───── Data extract ─────
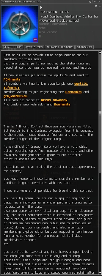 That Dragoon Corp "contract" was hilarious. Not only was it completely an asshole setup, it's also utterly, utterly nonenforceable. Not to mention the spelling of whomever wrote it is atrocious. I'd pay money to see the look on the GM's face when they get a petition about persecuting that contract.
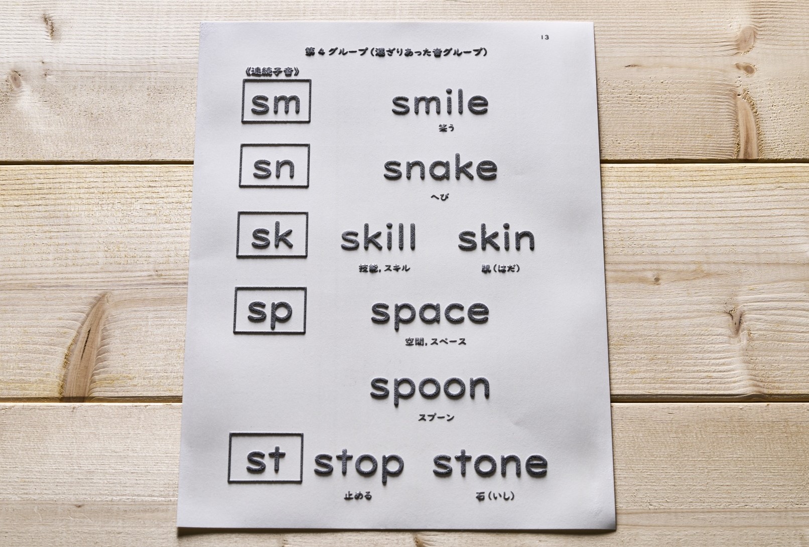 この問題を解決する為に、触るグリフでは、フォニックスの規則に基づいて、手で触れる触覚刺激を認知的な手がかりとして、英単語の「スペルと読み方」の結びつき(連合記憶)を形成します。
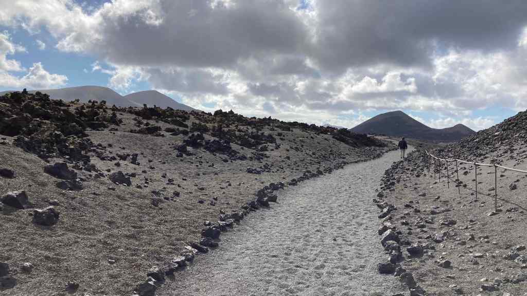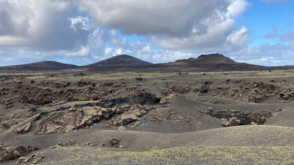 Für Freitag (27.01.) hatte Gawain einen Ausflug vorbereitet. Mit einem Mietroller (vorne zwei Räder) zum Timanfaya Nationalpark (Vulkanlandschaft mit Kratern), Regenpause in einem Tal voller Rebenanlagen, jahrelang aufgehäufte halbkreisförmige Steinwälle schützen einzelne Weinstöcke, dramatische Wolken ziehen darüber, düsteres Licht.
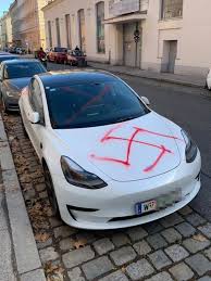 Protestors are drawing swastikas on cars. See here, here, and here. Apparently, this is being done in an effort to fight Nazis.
─────
Work to complete
Copy out every line above without change, dropping the pictures.

Your response
 That Dragoon Corp "contract" was hilarious. Not only was it completely an asshole setup, it's also utterly, utterly nonenforceable. Not to mention the spelling of whomever wrote it is atrocious. I'd pay money to see the look on the GM's face when they get a petition about persecuting that contract.
 この問題を解決する為に、触るグリフでは、フォニックスの規則に基づいて、手で触れる触覚刺激を認知的な手がかりとして、英単語の「スペルと読み方」の結びつき(連合記憶)を形成します。
 Für Freitag (27.01.) hatte Gawain einen Ausflug vorbereitet. Mit einem Mietroller (vorne zwei Räder) zum Timanfaya Nationalpark (Vulkanlandschaft mit Kratern), Regenpause in einem Tal voller Rebenanlagen, jahrelang aufgehäufte halbkreisförmige Steinwälle schützen einzelne Weinstöcke, dramatische Wolken ziehen darüber, düsteres Licht.
 Protestors are drawing swastikas on cars. See here, here, and here. Apparently, this is being done in an effort to fight Nazis.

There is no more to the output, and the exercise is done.